ステータスチェック
十階層のボスを倒した斗和達は行きと同じく、帰りも二日ほどかけてダンジョンから地上へと出た。
その際、ミアによる無双が行われ、斗和、リーシャ、メルはその強さを目の当たりにする。
ダンジョンのある場所からマルバーン王国に着いた時はまだ昼間であったが、斗和達はダンジョンでの疲れが残っていたためにピコちゃんとその両親が経営する宿屋に戻ることにした。
「それにしても、今のミアは見慣れないな」
「我もそうじゃのう」
「そうですよね」
今後の事などを話すために今、斗和の部屋に皆が集まっている。
ミアの姿を見ながら思い出すのはついさっきの事。宿に泊まる手続きの時。
何気ない会話の中でミアさんはどうしたんですか、と恐る恐るピコちゃんの母親が訪ねてきたのだ。
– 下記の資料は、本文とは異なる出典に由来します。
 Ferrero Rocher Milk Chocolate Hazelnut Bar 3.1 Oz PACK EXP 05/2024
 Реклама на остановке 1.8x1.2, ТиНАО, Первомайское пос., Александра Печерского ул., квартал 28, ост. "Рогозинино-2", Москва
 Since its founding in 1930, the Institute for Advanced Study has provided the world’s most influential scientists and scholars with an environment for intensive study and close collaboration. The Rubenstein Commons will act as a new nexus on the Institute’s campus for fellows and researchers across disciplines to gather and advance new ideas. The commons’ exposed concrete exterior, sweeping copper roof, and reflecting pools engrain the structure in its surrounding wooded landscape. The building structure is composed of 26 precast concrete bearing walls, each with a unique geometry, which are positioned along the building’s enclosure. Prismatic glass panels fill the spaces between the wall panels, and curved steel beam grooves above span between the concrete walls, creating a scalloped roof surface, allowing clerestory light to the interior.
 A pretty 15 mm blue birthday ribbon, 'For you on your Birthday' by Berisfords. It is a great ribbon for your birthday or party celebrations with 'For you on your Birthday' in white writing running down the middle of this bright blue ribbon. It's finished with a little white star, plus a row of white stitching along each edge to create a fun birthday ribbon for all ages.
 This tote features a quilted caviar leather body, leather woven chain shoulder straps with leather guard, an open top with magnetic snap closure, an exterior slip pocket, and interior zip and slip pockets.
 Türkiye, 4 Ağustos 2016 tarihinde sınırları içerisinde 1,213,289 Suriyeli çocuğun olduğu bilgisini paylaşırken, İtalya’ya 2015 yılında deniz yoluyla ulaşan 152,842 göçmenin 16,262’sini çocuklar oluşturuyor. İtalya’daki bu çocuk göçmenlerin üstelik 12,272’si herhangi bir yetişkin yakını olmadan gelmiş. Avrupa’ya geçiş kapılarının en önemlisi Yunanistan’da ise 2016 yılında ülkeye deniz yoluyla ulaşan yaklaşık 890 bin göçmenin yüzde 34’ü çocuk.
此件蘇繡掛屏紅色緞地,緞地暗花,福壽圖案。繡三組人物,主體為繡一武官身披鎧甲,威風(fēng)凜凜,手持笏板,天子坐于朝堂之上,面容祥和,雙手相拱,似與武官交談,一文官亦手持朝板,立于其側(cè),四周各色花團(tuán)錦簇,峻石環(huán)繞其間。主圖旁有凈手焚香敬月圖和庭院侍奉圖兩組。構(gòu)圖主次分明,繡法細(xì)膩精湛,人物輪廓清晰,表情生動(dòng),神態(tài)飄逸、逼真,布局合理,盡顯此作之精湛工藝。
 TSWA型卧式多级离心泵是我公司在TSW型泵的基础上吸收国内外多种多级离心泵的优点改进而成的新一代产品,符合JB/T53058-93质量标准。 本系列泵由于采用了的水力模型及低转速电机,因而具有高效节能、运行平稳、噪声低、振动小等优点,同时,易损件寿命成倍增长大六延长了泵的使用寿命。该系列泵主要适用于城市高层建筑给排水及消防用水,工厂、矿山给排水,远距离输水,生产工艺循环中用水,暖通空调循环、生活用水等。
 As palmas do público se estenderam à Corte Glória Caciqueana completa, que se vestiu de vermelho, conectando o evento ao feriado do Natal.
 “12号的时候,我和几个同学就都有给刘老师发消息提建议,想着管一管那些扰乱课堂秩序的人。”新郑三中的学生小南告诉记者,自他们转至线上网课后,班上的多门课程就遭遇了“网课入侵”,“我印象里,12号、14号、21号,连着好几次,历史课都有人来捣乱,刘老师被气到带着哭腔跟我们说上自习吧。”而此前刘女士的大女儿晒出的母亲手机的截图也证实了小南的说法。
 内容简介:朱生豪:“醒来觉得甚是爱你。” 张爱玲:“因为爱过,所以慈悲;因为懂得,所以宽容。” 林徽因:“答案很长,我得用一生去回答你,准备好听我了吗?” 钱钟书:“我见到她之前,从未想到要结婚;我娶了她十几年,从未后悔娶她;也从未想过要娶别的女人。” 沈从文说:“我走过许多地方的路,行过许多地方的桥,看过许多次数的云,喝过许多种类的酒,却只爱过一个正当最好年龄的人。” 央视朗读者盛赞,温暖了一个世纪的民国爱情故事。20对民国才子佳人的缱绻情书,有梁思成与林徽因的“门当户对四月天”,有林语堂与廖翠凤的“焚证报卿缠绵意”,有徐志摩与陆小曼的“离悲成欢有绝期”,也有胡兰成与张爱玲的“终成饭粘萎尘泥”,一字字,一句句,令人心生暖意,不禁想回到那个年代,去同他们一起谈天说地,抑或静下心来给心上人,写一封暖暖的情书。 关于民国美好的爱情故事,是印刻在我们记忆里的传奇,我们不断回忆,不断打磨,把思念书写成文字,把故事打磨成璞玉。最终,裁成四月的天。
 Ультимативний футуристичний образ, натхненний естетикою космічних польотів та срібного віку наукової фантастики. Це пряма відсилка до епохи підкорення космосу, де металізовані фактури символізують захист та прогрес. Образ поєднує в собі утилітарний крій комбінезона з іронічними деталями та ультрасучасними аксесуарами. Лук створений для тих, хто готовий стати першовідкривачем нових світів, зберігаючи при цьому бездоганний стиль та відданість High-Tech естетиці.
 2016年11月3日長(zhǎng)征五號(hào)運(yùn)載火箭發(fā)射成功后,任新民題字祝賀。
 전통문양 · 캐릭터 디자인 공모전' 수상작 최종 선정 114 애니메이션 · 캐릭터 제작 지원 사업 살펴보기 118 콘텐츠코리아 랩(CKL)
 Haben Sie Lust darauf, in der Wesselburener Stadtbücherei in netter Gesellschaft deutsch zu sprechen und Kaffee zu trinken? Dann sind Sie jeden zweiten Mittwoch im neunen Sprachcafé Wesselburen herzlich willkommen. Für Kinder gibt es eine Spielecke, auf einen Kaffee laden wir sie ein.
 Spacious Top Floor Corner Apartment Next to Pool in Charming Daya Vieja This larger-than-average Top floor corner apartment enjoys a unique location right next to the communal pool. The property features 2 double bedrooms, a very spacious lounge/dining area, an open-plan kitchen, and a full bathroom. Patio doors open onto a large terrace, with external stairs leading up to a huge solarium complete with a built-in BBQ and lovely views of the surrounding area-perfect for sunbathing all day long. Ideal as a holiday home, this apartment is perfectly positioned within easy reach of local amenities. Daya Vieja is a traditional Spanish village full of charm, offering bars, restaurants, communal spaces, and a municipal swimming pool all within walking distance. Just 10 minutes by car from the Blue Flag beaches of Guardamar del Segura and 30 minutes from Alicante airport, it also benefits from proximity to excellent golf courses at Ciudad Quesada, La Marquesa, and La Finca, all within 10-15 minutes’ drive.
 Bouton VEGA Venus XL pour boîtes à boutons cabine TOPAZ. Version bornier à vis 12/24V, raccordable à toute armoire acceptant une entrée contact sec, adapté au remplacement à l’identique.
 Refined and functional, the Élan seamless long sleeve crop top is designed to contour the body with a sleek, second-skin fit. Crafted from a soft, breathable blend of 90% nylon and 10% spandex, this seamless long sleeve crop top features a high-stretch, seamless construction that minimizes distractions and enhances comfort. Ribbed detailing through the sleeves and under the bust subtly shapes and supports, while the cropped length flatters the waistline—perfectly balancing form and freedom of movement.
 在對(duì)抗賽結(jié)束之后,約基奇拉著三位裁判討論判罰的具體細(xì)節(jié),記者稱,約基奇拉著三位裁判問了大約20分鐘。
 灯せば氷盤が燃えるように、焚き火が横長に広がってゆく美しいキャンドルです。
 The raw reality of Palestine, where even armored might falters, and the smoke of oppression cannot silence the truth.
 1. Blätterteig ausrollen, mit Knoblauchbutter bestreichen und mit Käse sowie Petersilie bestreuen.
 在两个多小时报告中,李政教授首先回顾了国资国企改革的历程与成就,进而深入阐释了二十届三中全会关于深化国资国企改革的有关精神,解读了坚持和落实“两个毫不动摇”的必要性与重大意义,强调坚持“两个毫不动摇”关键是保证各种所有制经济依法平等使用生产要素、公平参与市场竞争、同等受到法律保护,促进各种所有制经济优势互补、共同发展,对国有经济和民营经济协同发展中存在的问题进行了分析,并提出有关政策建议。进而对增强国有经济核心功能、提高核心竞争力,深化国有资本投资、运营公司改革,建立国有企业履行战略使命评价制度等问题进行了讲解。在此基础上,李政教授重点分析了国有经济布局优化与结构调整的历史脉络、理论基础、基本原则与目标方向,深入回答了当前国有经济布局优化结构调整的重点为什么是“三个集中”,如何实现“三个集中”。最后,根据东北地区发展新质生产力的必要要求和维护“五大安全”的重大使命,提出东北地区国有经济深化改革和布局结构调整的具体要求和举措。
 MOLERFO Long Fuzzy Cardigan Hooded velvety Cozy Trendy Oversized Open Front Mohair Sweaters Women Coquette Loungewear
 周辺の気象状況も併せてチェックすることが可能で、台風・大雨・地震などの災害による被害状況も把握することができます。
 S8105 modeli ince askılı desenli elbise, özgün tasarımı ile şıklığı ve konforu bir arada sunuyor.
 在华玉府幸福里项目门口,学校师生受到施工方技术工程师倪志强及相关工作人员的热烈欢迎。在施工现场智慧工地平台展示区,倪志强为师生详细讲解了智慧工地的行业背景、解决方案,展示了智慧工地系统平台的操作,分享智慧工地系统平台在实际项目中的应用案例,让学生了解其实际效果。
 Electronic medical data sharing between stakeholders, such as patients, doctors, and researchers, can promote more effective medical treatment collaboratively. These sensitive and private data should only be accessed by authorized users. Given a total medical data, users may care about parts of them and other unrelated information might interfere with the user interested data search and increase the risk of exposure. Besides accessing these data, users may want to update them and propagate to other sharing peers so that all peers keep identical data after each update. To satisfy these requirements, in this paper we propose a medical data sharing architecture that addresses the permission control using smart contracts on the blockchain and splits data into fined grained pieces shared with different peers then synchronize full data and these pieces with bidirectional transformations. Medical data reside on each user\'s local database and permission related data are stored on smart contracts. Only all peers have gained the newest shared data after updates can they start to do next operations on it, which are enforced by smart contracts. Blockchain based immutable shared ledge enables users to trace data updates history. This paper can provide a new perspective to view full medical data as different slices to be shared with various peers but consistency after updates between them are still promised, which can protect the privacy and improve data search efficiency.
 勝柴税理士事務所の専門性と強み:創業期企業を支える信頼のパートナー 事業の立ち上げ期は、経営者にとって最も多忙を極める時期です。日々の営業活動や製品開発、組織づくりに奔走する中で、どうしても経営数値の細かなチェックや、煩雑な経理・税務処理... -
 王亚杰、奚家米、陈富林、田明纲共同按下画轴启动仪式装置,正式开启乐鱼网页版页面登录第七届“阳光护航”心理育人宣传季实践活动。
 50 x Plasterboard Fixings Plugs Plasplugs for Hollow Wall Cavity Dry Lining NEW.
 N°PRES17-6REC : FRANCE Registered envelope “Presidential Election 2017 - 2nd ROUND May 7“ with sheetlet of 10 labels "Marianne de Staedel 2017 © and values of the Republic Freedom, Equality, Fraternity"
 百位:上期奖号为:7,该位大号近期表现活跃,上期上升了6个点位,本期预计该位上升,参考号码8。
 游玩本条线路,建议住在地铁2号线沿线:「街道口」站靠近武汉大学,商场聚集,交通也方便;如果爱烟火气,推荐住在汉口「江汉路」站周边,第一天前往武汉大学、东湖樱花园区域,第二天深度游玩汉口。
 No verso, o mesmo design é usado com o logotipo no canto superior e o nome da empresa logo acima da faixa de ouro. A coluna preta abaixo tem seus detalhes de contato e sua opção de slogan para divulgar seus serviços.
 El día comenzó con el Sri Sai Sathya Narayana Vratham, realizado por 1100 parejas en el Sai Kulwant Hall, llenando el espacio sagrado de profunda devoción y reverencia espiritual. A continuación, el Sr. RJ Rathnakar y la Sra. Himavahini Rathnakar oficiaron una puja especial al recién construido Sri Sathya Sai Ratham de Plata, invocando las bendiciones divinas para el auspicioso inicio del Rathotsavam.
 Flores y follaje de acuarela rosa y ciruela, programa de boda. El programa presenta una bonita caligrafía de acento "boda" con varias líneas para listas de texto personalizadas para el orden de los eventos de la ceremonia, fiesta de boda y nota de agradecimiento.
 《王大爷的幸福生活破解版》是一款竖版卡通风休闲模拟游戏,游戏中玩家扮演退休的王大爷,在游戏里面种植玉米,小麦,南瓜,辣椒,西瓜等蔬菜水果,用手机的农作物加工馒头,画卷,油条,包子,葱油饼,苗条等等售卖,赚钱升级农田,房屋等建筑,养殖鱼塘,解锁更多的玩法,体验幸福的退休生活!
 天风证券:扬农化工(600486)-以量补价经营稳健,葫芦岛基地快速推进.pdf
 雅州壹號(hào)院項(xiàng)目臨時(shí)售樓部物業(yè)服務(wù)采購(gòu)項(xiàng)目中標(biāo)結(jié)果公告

今のミアとリザードマンの姿だった頃のミアが同一人物だと頭の中で繋がっている斗和達はその質問に対して、ミアに見えないですよねと思いこうなった事情を話す。
話している時にピコちゃんはミアに近づき、手の白い鱗と尻尾を触り本物だと大きく頭を縦に振っていたのには見ていて、少し面白かった。
「私もなかなか自分の姿に慣れません」
水かきの無い手と足を見ながらミアはつぶやいた。
姿形は変わってしまったがミアはミアだと皆は思っているので、ミア自身はあんまり不満は無いようだが。
「ミアは何で人型に進化したんだろうな」
「うーん、エルフの里でも魔物が人型に進化するとか聞いたことないです」
「龍人の国でも聞かんのう」
情報は無し、このまま考えても迷宮入りのままなので話題を変える。
「そういえば、皆自分のステータスって確認した?」
「そういえば、闘技場以来確認してないのう」
「そうですね、確認してみましょう」
まずはリーシャのステータスを開き、確認する。
リーシャ
職業:竜神姫Lv52
ユニークスキル
龍撃魔法
スキル
危機察知Lv10、忍耐Lv10、格闘術Lv10、回避Lv8、魔力増幅Lv10、魔法発動Lv6
物理耐性Lv6、空間把握Lv7、消費魔力削減Lv4
レベルを見て、開いた口が塞がらない。
レベル52って、スキルなぜそんなに多いの……。
ステータスを見た本人でさえあまりの急成長ぶりに唖然としていた。
気を取り直して、次はミアの番。
ミア
職業:リザードマン亜種(魔人)Lv60
ユニークスキル
魔人化
スキル
剣術Lv10、危機察知Lv10、回避Lv10、加速Lv8、立体機動Lv5、物理耐性Lv9
こっちはこっちでいろいろバグってる。
レベルも恐ろしいほど上がっているのはさすがユニークスキル『観察者』だ。
これは次のメルもすごいのだろう。
メル
職業:精霊の守り手Lv43
ユニークスキル
精霊の守護
スキル
風魔法Lv10、精霊召喚Lv1、回復魔法Lv4、魔力増幅Lv7、危機察知Lv5
メルは魔法に関することに特化しているようだ。
それにしても……。
「精霊の守り手とか精霊の守護っていうユニークスキルがあるけど……」
「あ、そういえば話していませんでしたね。私の家は代々森に住まう精霊に仕えていて、その代わりに精霊から守護を貰うんですよ」
何でも傷を負っても軽くすんだりする事があるらしい。
精霊召喚というスキルもその仕えている精霊を全魔力を消費し、時間制限有りで呼び出すものなのだとか。
この人もミアとリーシャと一緒で規格外だわ。
そして、次は来ました俺の番。
スミヤマ トワ
職業:魔物使いLv30☆
ユニークスキル
気配遮断、観察者、言語理解
スキル
危機察知Lv4、剣術Lv2、回避Lv2
「っておい、うそだろ」
まず皆と比べてスキルの量が少ない。
それに加え職業のレベルの後ろに星マークがついているのは何かと問うと、頭の中で上限に達したという事ですという返答がきた。
え、てことはこれ以上ステータスは伸びないって事?
神は俺を見捨てたのか……。
落ち込んでしまった俺に対し、ミア、メル、リーシャが慰めてくれるがぽっきり折れた心はなかなか治らない。いや、直りそうにない。
今日は精神的ダメージにより瀕死のため、この後冒険者ギルドに報告に行くのを明日に回して寝ることにした。
もちろん、一つのベッドに四人並んで寝た。